Don’t do this? After all she had put him through, she said: Don’t do this? He had the right to ask, damn it. ‘Did you? Did you love him?’

She raised her head, her blue eyes looking straight into his and her voice stronger. ‘Perce was a good man, a fine man. The very best.’

Jacob nodded slowly, hurt afresh and wanting to hurt back. ‘And twice your age. A widower, the paper said, with two bairns, and his wife still warm in her grave when he wed you. Seems this
good, fine man didn’t waste any time in making sure his needs were provided for.’

She blinked, her face turning a shade paler. ‘It wasn’t like that.’

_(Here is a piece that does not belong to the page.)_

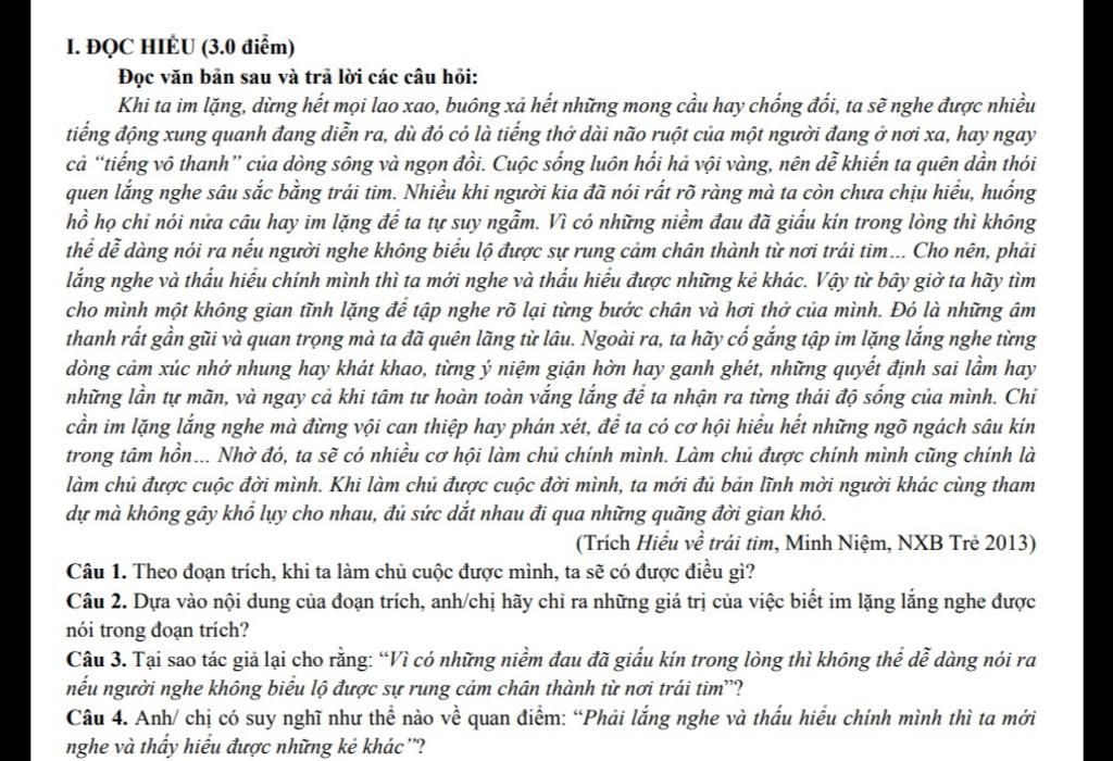 Câu 3: Vì niềm đau đôi khi không phải muốn chia sẻ là có thể chia sẻ được. Chúng ta cần cảm nhận từ tận đáy lòng mới có thể thấu cảm lẫn nhau được.

‘No?’ When she remained silent, he said tersely, ‘I understand you have a daughter. Thirteen months, isn’t she? And you say it wasn’t like that?’

She wanted to take the look out of his eyes, to confess everything, tell him the truth, but to do so would be a death sentence for him and maybe for her too, and there was Daisy to think of. He
would go looking for his brother. Whether he killed Tom, or Tom killed him, the end result would be the same. Jacob would either be dead or would swing at the end of a rope. If she gave him the
slightest inkling, fresh blood would be on her hands. This had to end. Now. Her voice hardly audible, she said, ‘You shouldn’t have come here today, Jacob.’

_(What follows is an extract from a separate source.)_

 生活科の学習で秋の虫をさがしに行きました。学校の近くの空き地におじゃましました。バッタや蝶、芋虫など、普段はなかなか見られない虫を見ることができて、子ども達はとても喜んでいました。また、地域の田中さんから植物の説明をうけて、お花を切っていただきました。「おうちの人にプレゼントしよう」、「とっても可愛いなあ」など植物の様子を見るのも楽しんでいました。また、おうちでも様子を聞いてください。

She actually registered in her own body the flinch he gave. She was near tears, but she told herself she must not give way because, if she did, she would be lost. Enough people had been
sacrificed because of her. First her father and Ernie, then Perce, but if Jacob was attacked a second time, he would not survive it. Tom would make sure of that. From the moment she’d seen Tom
today she had been absolutely sure he’d arranged the beating Jacob had taken that night two years ago, and that he’d expected his brother to die. Maybe she had always known it deep
down.

Jacob stood looking down at her bowed head. He heard himself say stiffly, ‘I can see that’, while his mind shouted at him, ‘Tell her how you feel, man. What does it matter
about her husband – he’s dead and gone. Tell her you love her.’

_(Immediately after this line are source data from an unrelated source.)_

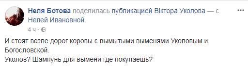 Киевлянка Неля Ботова пишет: "И стоят возле дорог коровы с вымытыми выменями Уколовым и Богословской. Уколов? Шампунь для вымени где покупаешь?"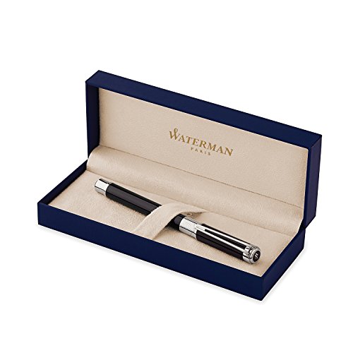 Waterman Perspective Penna Roller, Punta Media con Cartuccia di Inchiostro Nero, Nero Lucido con Finiture Cromate, Confezione Regalo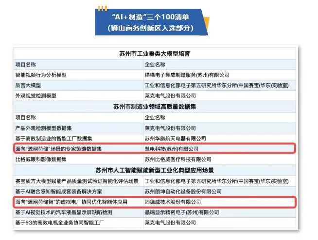 其中,固德威技术股份有限公司以项目“面向‘源网荷储智’的虚拟电厂协同优化智能体应用”入选苏州市人工智能赋能新型工业化典型应用场景;固德威集团慧电科技以“面向‘源网荷储’场景的专家策略数据集”入选苏州市制造业领域高质量数据集。

But what was the use? And why humiliate himself further? Everything about her stated that she wanted him gone. He was an embarrassment, a reminder of things best forgotten, as far as she was
concerned. She had said he shouldn’t have come. Well, she needn’t worry. Hell would freeze over before he’d come again. The finality of the thought came through in his voice when
he said quietly, ‘Goodbye, Lucy.’

He turned, striding away through the snow, which was now swirling and dancing in an already white world, and he didn’t look back. It would have served no purpose if he did. He could barely
see a thing through the mist of tears blinding his eyes.